• What is needed: Without including any pictures, reproduce all the lines below word for word.

• Data shown:
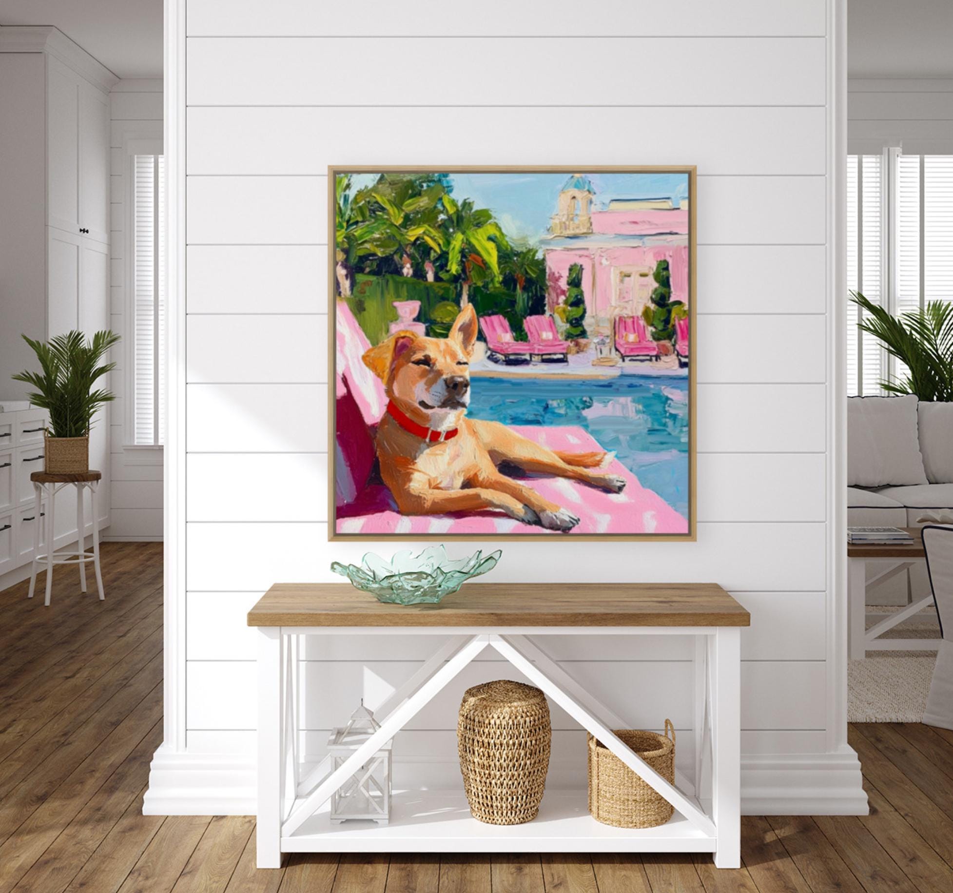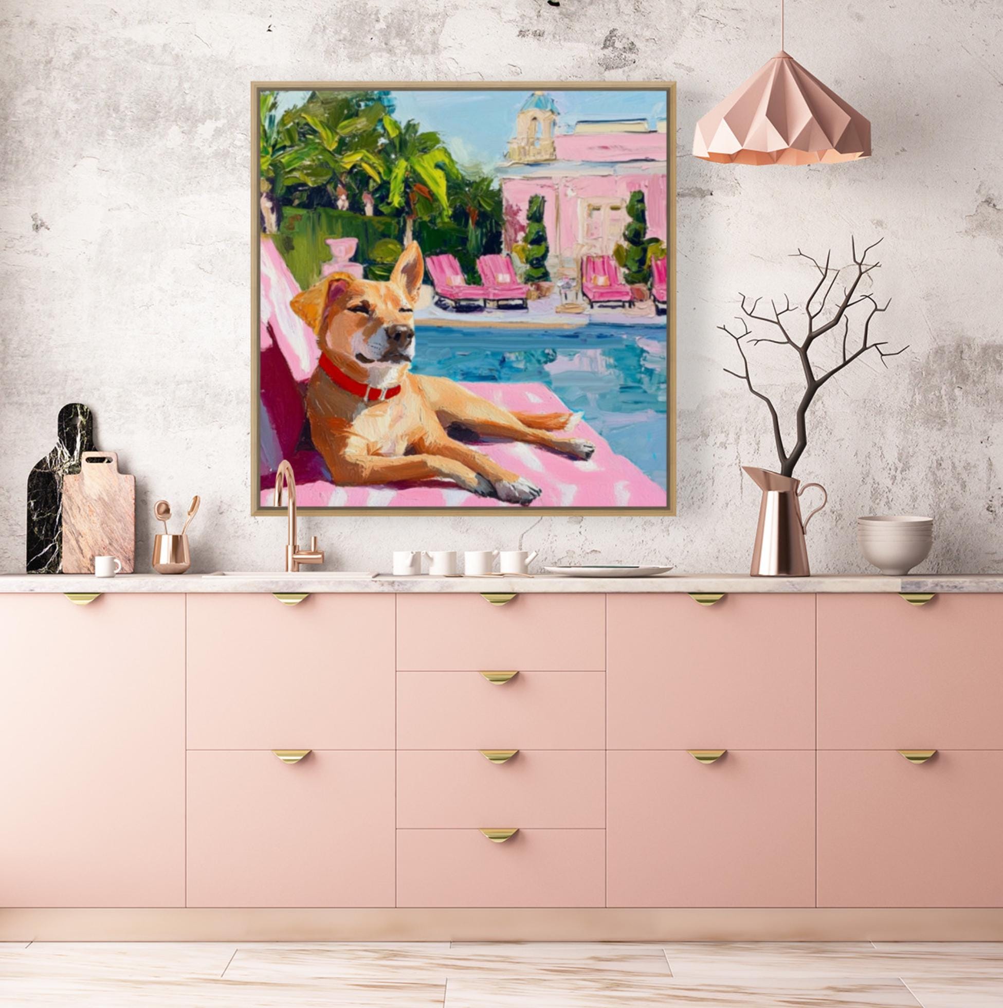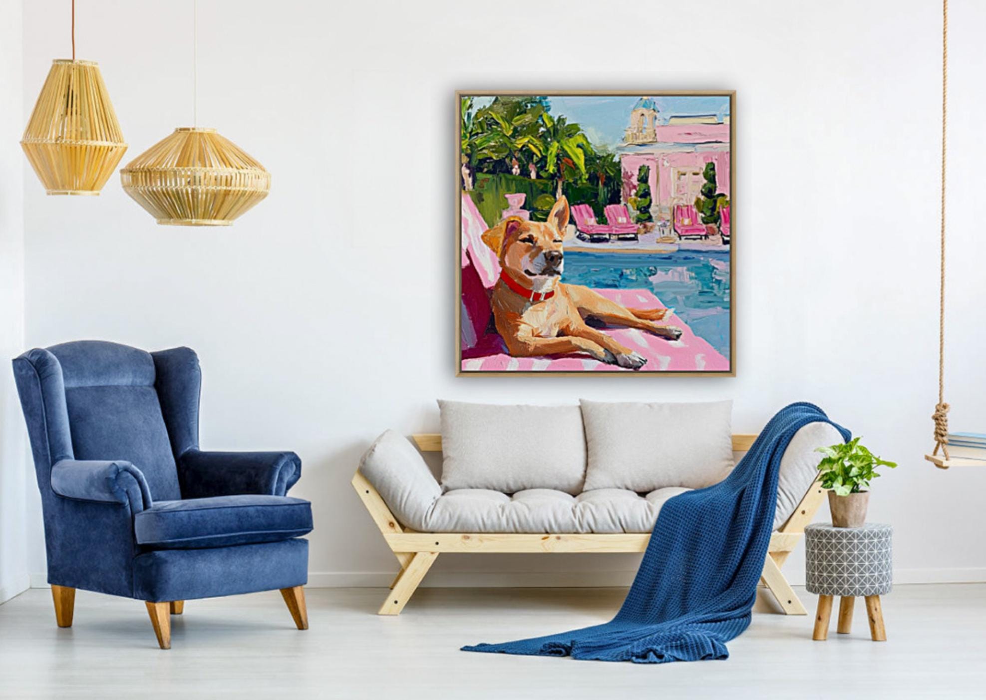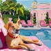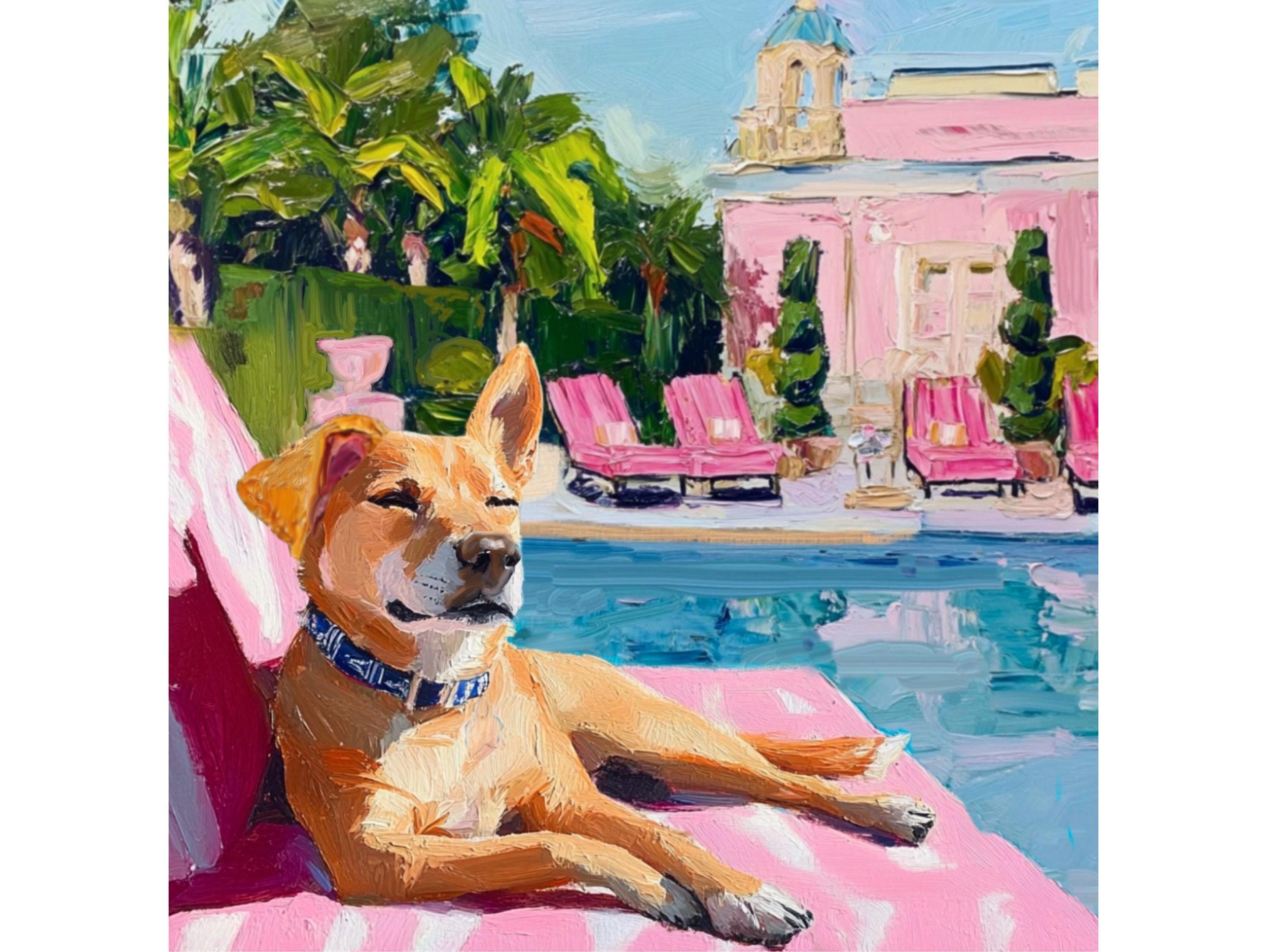 Grandmillennial art, Doggy near the swimming pool, whimsical fine art
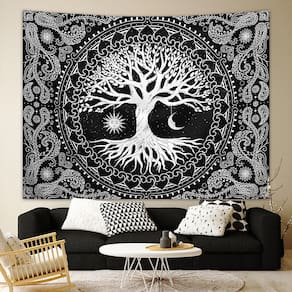 Material: pelúcia curta Tamanho: 150 cm × 130 cm Peso: 300 g Design elegante da Árvore da Vida — Impressionante tapeçaria em preto e branco com uma árvore detalhada com elementos do sol e da lua, cercada por intrincados padrões de mandala. Material de pelúcia macio — Feito de tecido de pelúcia curto de alta qualidade, macio e confortável ao toque, com impressão nítida e resistência a rugas para uso a longo prazo. Tamanho decorativo perfeito — mede 150 x 130 cm, ideal para decoração de paredes em quartos, salas de estar, áreas de meditação ou dormitórios, criando uma atmosfera boho pacífica. Fácil de pendurar e cuidar — Leve e simples de montar usando ganchos, clipes ou fitas adesivas. Lavável à máquina em água fria e de secagem rápida para facilitar a reutilização. Decoração boêmia versátil — Adequada como decoração de parede, divisória de quarto, pano de fundo de espaço de meditação ou colcha decorativa, adicionando um toque espiritual a qualquer espaço.
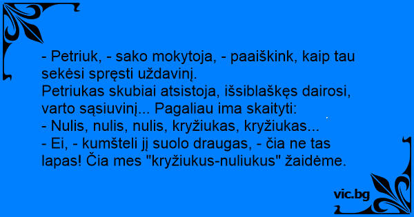 - Ei, - kumšteli jį suolo draugas, - čia ne tas lapas! Čia mes "kryžiukus-nuliukus" žaidėme.
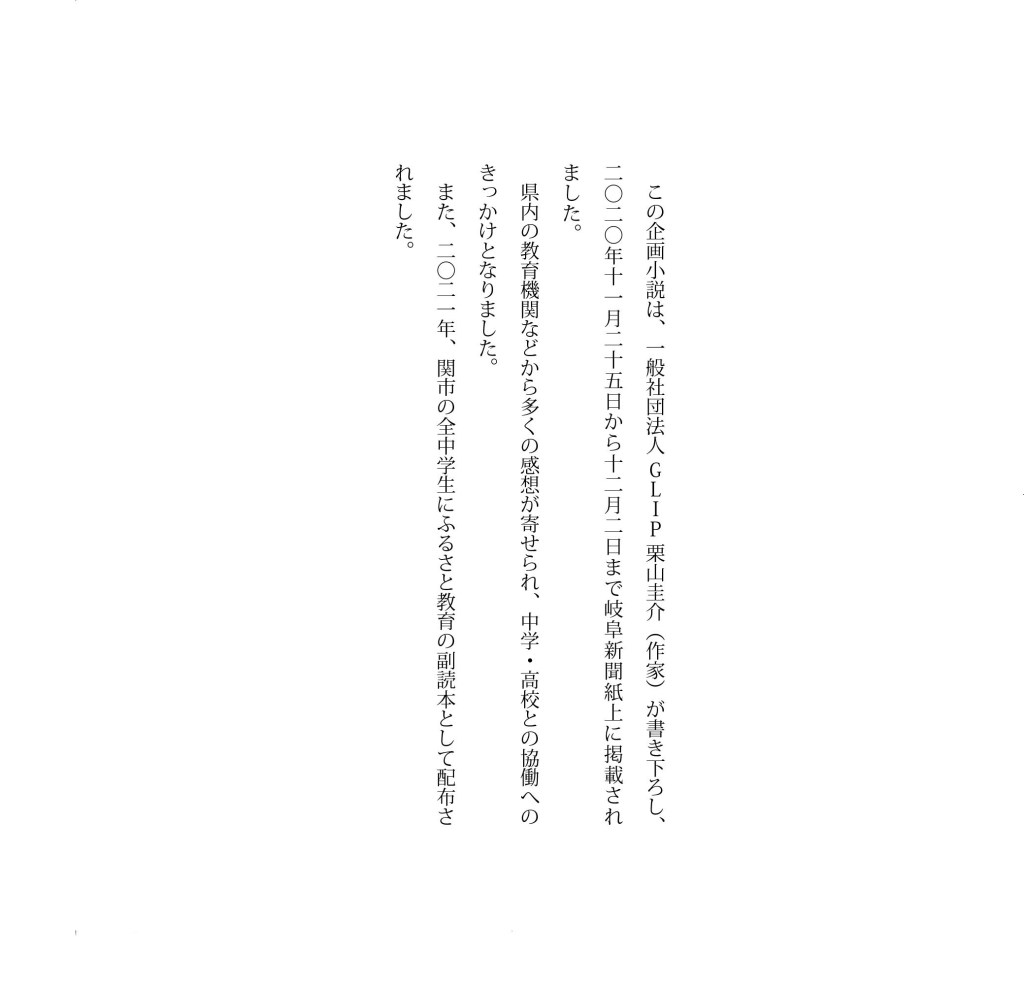 企画小説「未来のための、ふるさとづくり」 未来のための、ふるさとづくり(一) 未来のための、ふるさとづくり(二) 未来のための、ふるさとづくり(三) 未来のための、ふるさとづくり(四) 未来のための、ふるさとづくり(五)

• Solution to this problem:
 Grandmillennial art, Doggy near the swimming pool, whimsical fine art
 Material: pelúcia curta Tamanho: 150 cm × 130 cm Peso: 300 g Design elegante da Árvore da Vida — Impressionante tapeçaria em preto e branco com uma árvore detalhada com elementos do sol e da lua, cercada por intrincados padrões de mandala. Material de pelúcia macio — Feito de tecido de pelúcia curto de alta qualidade, macio e confortável ao toque, com impressão nítida e resistência a rugas para uso a longo prazo. Tamanho decorativo perfeito — mede 150 x 130 cm, ideal para decoração de paredes em quartos, salas de estar, áreas de meditação ou dormitórios, criando uma atmosfera boho pacífica. Fácil de pendurar e cuidar — Leve e simples de montar usando ganchos, clipes ou fitas adesivas. Lavável à máquina em água fria e de secagem rápida para facilitar a reutilização. Decoração boêmia versátil — Adequada como decoração de parede, divisória de quarto, pano de fundo de espaço de meditação ou colcha decorativa, adicionando um toque espiritual a qualquer espaço.
 - Ei, - kumšteli jį suolo draugas, - čia ne tas lapas! Čia mes "kryžiukus-nuliukus" žaidėme.
 企画小説「未来のための、ふるさとづくり」 未来のための、ふるさとづくり(一) 未来のための、ふるさとづくり(二) 未来のための、ふるさとづくり(三) 未来のための、ふるさとづくり(四) 未来のための、ふるさとづくり(五)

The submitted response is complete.